╭─ Data supplied

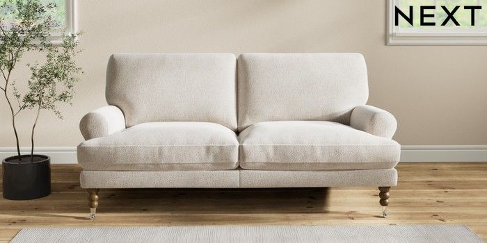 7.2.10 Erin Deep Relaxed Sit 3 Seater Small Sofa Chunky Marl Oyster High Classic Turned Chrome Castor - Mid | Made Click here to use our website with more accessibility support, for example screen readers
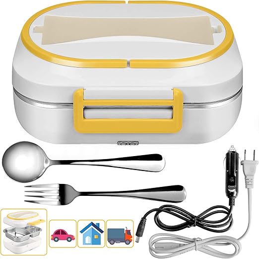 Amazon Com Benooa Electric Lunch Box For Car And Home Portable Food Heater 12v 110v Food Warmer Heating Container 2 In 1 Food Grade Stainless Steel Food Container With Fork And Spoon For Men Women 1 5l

╰─
╭─ Data supplied

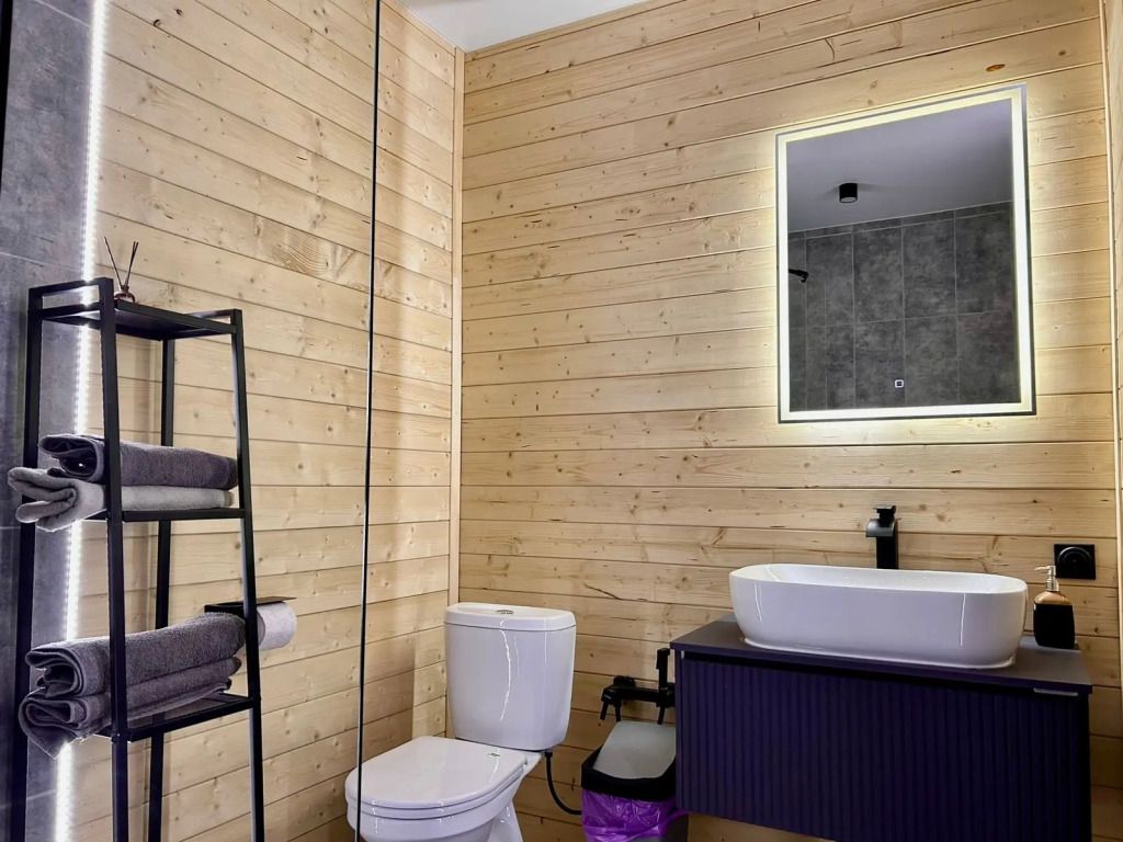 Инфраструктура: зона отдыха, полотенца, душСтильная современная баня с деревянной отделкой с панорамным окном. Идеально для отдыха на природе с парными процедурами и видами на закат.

╰─

Task description - Nothing but the lines above, starting at the line that contains "7.2.10 Erin Deep" and ending at the line that contains "Amazon Com Benooa", should be given again, exactly and without the pictures.

Reply to the task -
 7.2.10 Erin Deep Relaxed Sit 3 Seater Small Sofa Chunky Marl Oyster High Classic Turned Chrome Castor - Mid | Made Click here to use our website with more accessibility support, for example screen readers
 Amazon Com Benooa Electric Lunch Box For Car And Home Portable Food Heater 12v 110v Food Warmer Heating Container 2 In 1 Food Grade Stainless Steel Food Container With Fork And Spoon For Men Women 1 5l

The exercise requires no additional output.